Une source, une information, un état d’esprit, un outil

Concrètement, dans l’exemple qui précède, seuls le mail du supérieur et, en l’absence de forum ou de présence suffisante sur les réseaux sociaux, la demande du client, sont pertinents : la blague du collègue devrait passer par un réseau social et la lettre d’information par un agrégateur. La quantité d’informations à traiter est la même, mais, en ouvrant l’outil dédié au traitement d’un type d’informations particulier, il est possible d’adopter l’état d’esprit ad hoc : service pour le client, détente pour le collègue, curiosité pour les newsletters… En ouvrant une boîte mail fourre-tout, c’est notamment l’impossibilité de savoir ce qui va s’y trouver qui génère le stress.

Cette compartimentation des sources d’informations doit en outre permettre d’illustrer un fait rarement mis en avant lorsqu’il est question d’infobésité : toutes les informations ne sont pas destinées aux mêmes usages. Sans même s’appesantir sur l’inutilité de certains échanges, toutes les informations n’appellent pas le même type d’actions en retour : le client attend une réponse, le supérieur une action, alors que l’information sectorielle ou stratégique vient nourrir une réflexion, un projet, une culture.
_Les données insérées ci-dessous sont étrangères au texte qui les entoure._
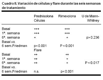 Con respecto a la desaparición del flare, los resultados fueron diferentes para cada grupo (Cuadro II). En el tratado con prednisolona el flare presentó una mediana inicial de ++, la cual se mantuvo igual a lo largo de las seis semanas de tratamiento. En el grupo de rimexolona el flare tuvo una mediana inicial de ++ que disminuyó a una mediana de + a partir de la primera semana de tratamiento, manteniéndose así hasta el final del estudio (Friedman, p< 0.001). Al comparar la eficiencia para el control del flare entre los grupos se encontraron diferencias estadísticamente significativas a favor del grupo de rimexolona en cada una de las visitas de la primera a la sexta semanas (U de MannWhitney, p< 0.017).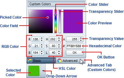 OK Button: Once you are satisfied with the color choice, click the OK button to close the drop-down box and set the color as the Selected Color.

Passer de l’une à l’autre de ces postures au grès des mails est impossible et souligne l’importance de ne pas tout mélanger.
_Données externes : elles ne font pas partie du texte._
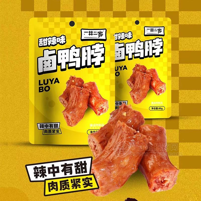 一井二家甜辣味袋装卤鸭脖休闲食品80g是由河南一井二家食品有限公司生产,是肉干肉脯知名品牌,河南一井二家食品有限公司采用国内外先进的工艺加工技术,并经专家精心调制生产;一井二家甜辣味袋装卤鸭脖休闲食品80g营养丰富适合中国人体质和饮食习惯,现面向全国各地诚招代理商。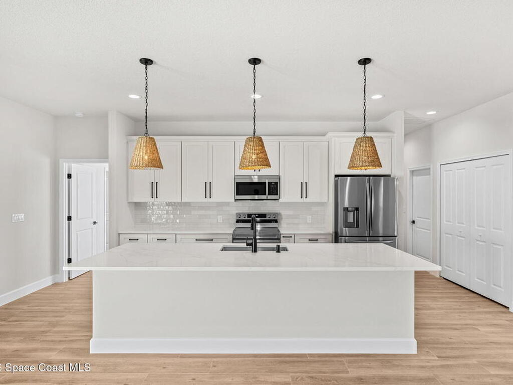 Brand new and built like a custom house, this Arianna model by a renowned local builder delivers 2, 074 sq ft of premium, storm-smart design with 4 bedrooms, 2.5 baths, and zero HOA, pairing underground power, an impact-rated front door, impact-rated garage door, PGT impact windows, and an impact-rated sliding glass door for everyday confidence. A 24-ga standing seam metal roof secured with double straps and FORTIFIED Gold(tm) certification reinforces the home's most vulnerable points to help keep high winds, wind-driven rain, and storm pressures where they belong--outside--while wood-look tile throughout creates a clean, cohesive finish that's both polished and practical. Modern essentials stay dialed in with a tankless water heater plus city water paired with septic, making this new build feel elevated from the bones outward--simple, solid, and built for peace of mind.

Lorsque j’interviens pour former ou accompagner la mise en place d’un dispositif de veille, l’identification des applications des différents types d’informations et l’implémentation d’outils adaptés à chaque action / réaction est un passage obligé. C’est l’une des raisons pour lesquelles les solutions gratuites me paraissent généralement tout à fait suffisantes (hors grands groupes et problématiques d’e-réputation).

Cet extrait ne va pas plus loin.